Consider a multi-class labelling problem, where the labels can take values in $[k]$, and a predictor predicts a distribution over the labels. In this work, we study the following foundational question: Are there notions of multi-class calibration that give strong guarantees of meaningful predictions and can be achieved in time and sample complexities polynomial in $k$? Prior notions of calibration exhibit a tradeoff between computational efficiency and expressivity: they either suffer from having sample complexity exponential in $k$, or needing to solve computationally intractable problems, or give rather weak guarantees.
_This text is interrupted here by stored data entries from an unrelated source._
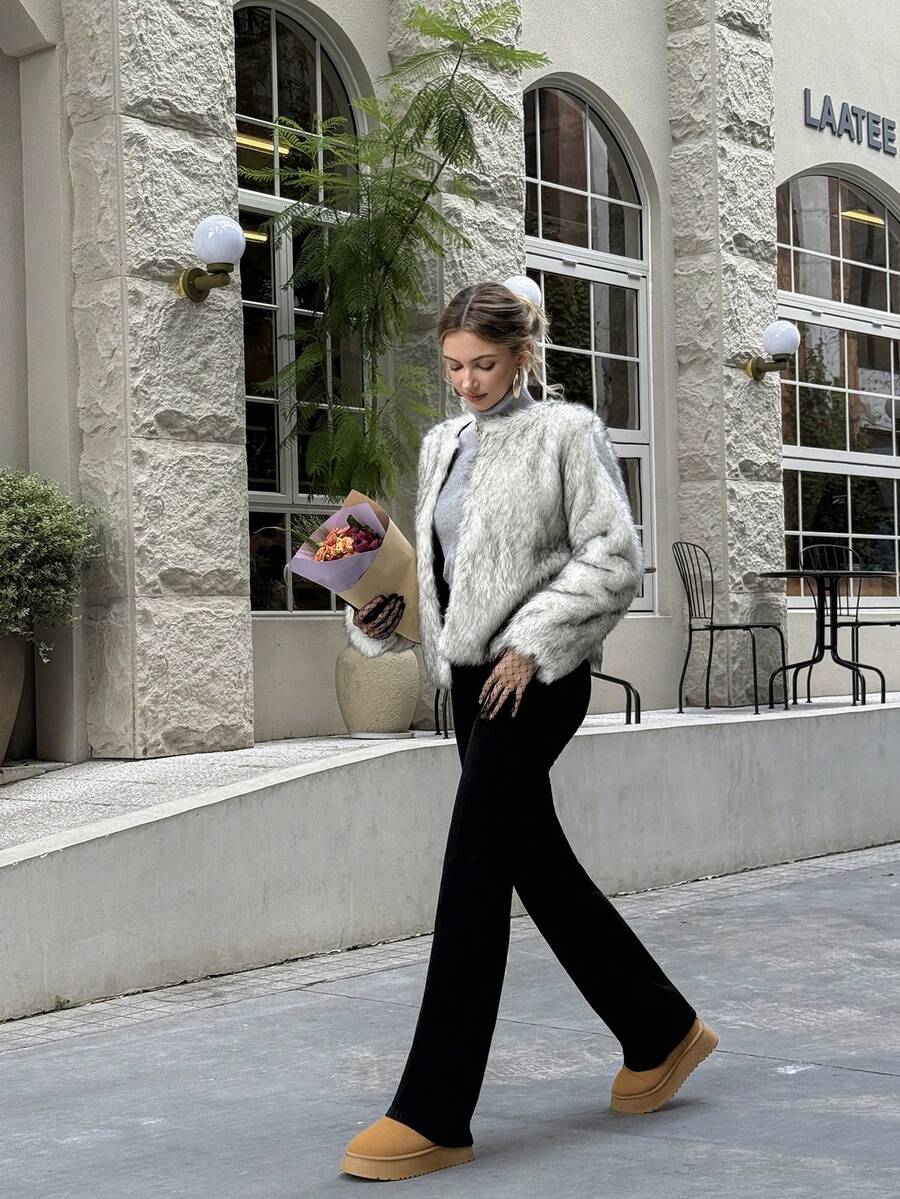 Whether you pair it with jeans, a dress, or boots, this faux fur jacket adds a touch of sophistication to your look. Easy to style and effortlessly chic, it quickly becomes a must-have in your wardrobe — a timeless investment for the modern woman who wants to feel both elegant and warm.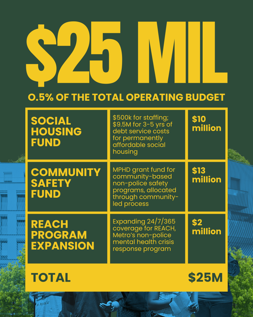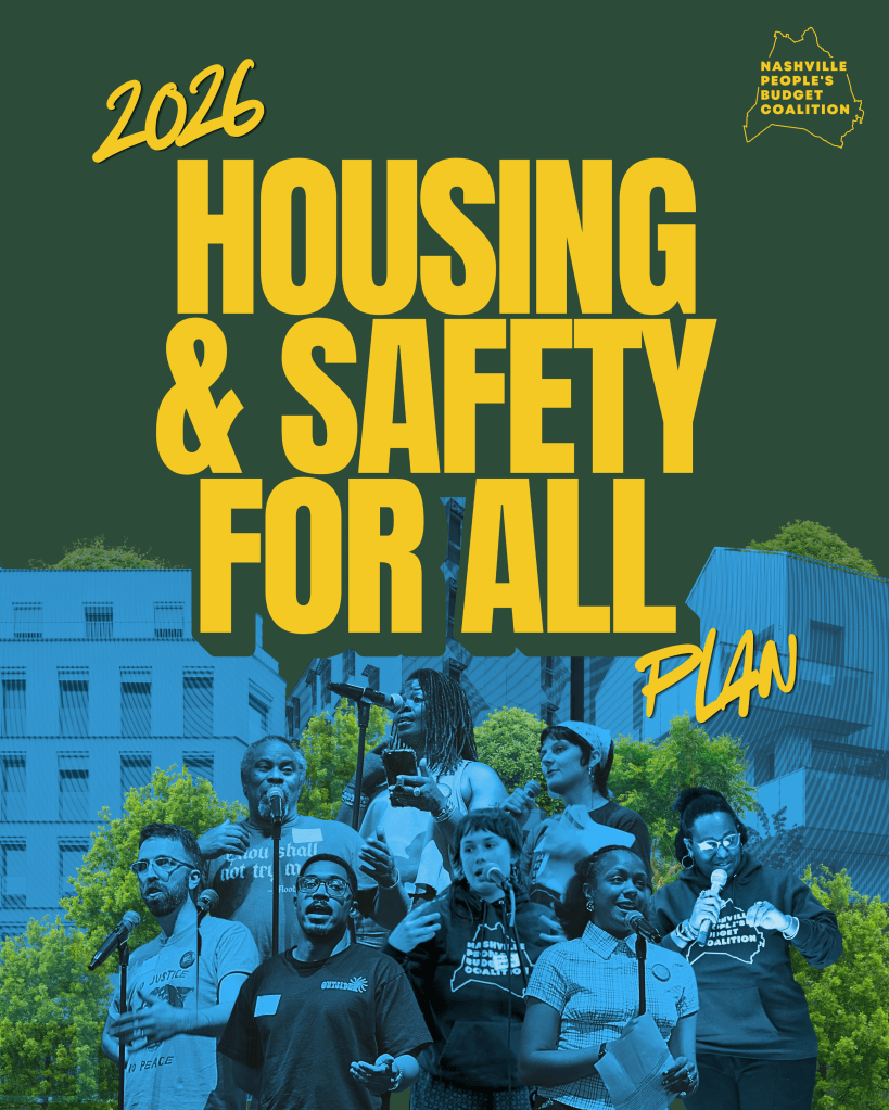 The 2026 Housing & Safety for All Plan, developed by the Nashville People’s Budget Coalition through direct engagement with thousands of directly impacted Nashville residents, is a $25 million plan — 0.5% of the total operating budget — to lay the foundations necessary to guarantee permanently affordable housing and genuine community safety for all Nashvillians.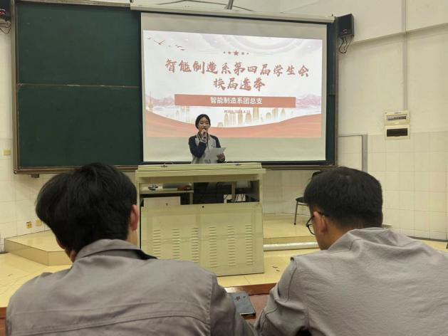 2024422日下午,智能制造系学生会在四栋阶梯教室隆重召开第四届学生会换届选举大会。出席本次大会担任评委有:智能制造系林润海主任,智能制造系团总支书记周树亮老师,第三届学生会主席鹿江南同学,第三届学生会副主席陈俊元同学。

Our main contribution is a notion of calibration that achieves all these desiderata: we formulate a robust notion of projected smooth calibration for multi-class predictions, and give new recalibration algorithms for efficiently calibrating predictors under this definition with complexity polynomial in $k$. Projected smooth calibration gives strong guarantees for all downstream decision makers who want to use the predictor for binary classification problems of the form: does the label belong to a subset $T \subseteq [k]$: e.g. is this an image of an animal? It ensures that the probabilities predicted by summing the probabilities assigned to labels in $T$ are close to some perfectly calibrated binary predictor for that task. We also show that natural strengthenings of our definition are computationally hard to achieve: they run into information theoretic barriers or computational intractability. Underlying both our upper and lower bounds is a tight connection that we prove between multi-class calibration and the well-studied problem of agnostic learning in the (standard) binary prediction setting.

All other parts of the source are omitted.